Math uses indexing a lot, but because all the theorems you need to be true for dealing with indexing really are true (lots of finite combinatorics at play), there is simply not reason to worry on-paper. But when you try to be precise, wow does it ever become a mess. Linear Algebra, multivariate polynomials and Multicategories were the two things that brought this into focus for me. (Following the 'Universal Algebra' method of looking at things, eventually you wonder why polynomials seem to inhabit this weird half-semantic, half-syntactic worlds, and so you ask What is the theory of polynomials and get some super gratifying answers).

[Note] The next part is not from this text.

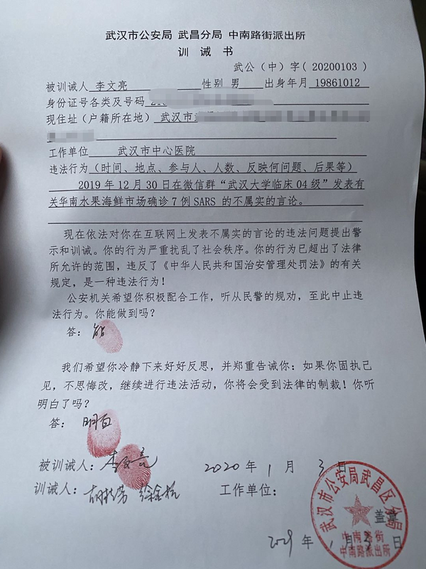 Утверждается, что 30 декабря 2019 года офтальмолог Ли Вэньлян первым сообщил о новом вирусе, аналогичном вирусу SARS, в беседе выпускников медицинского факультета Уханьского университета в чате WeChat, после чего был вызван в полицию и строго предупреждён о недопустимости распространения слухов.
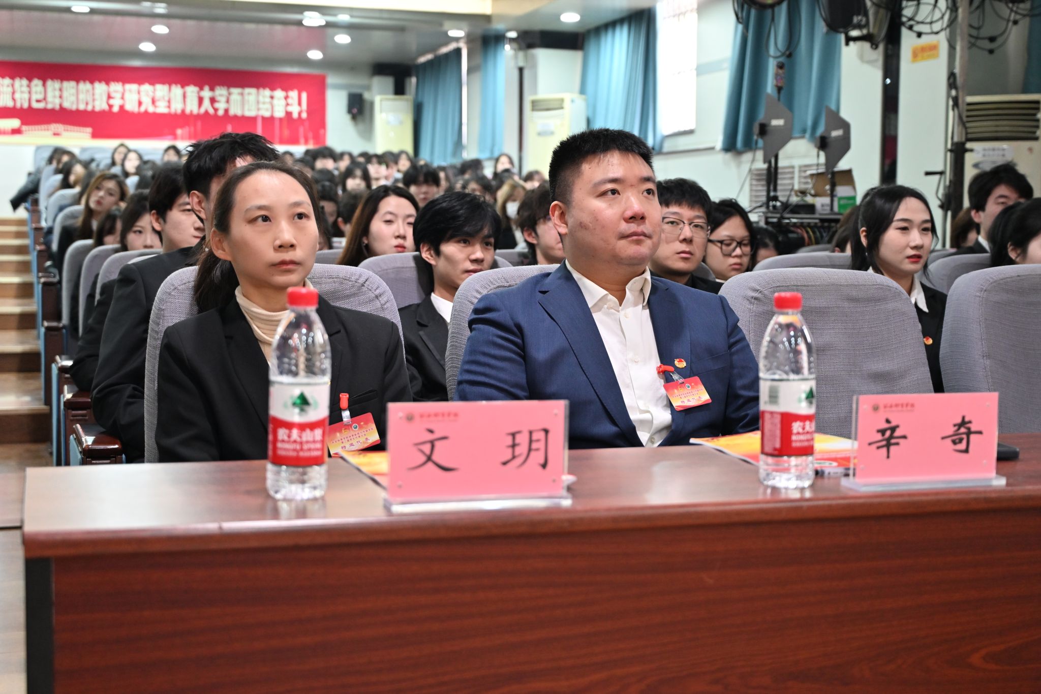 潮平岸阔催人进,凤正扬帆正当时。为高举中国特色社会主义伟大旗帜,深入学习贯彻党的二十大和党的二十届三中全会精神,在建校 70 周年的新起点和全面落实 “十四五”规划、聚力攻坚“双一流”建设目标的新阶段,西安体育学院体育新闻与传媒学院第三届学生代表大会于12月18日在含光校区教学楼一楼报告厅顺利召开。

Johan Commelin (Oct 03 2020 at 17:02):

@Scott Morrison I only found this thread now... and I think we should do something with this list (even if it isn't urgent).

Johan Commelin (Oct 03 2020 at 17:03):

What do you think of having the satz, but then also sub-items for every term printed in bold?

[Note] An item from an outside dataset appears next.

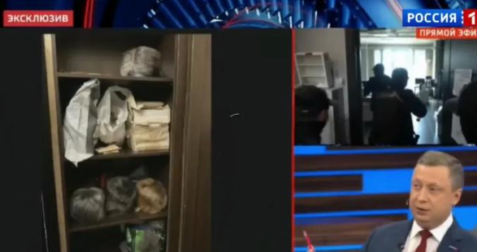 根據《俄羅斯商業咨詢日報》網站的描述,畫面顯示俄羅斯聯邦安全局的執法人員進入普里戈任的辦公室,發現了裝滿錢的紙箱。此外,他們還在搜查地點找到了武器和彈藥筒、幾本護照、金條和現金等物品。

Johan Commelin (Oct 03 2020 at 17:03):

That would give an extremely long list, but I don't think that's a problem.

Johan Commelin (Oct 03 2020 at 20:17):

136 also seems curious:

There is no theorem about the Mandelbulb $M_{n,m}$ for $n>2$

Kyle Miller (Oct 03 2020 at 22:38):

Jacques Carette said:

(Following the 'Universal Algebra' method of looking at things, eventually you wonder why polynomials seem to inhabit this weird half-semantic, half-syntactic worlds, and so you ask What is the theory of polynomials and get some super gratifying answers).

I've been playing around with universal algebra in Lean, so I wanted to see how polynomial rings work as universal objects. Here's a gist: https://gist.github.com/kmill/546049b5251afdcea9acc7564e7c4fa5

It uses the formulation that polynomial ring construction is left adjoint to the forgetful functor from pointed commutative rings to commutative rings. (I didn't prove anything about the structure of the polynomial ring though.)

Jeremy Tan (Jul 24 2023 at 09:00):

(Came here after writing #6091, which is a new list of 100 theorems to formalise)

Jeremy Tan (Jul 24 2023 at 09:01):

Regarding mutilated chessboard, I had actually included a second part to my statement: Gomory's theorem which states that if two _opposite colour_ squares are removed the remainder can _always_ be domino tiled

Jeremy Tan (Jul 24 2023 at 09:02):

But yes, I agree that there is assez de formalisation vis-à-vis this, and have replaced it with the Robertson–Seymour theorem

Yaël Dillies (Jul 24 2023 at 09:28):

Do you know that Freek Wiedijk is currently compiling a new list himself?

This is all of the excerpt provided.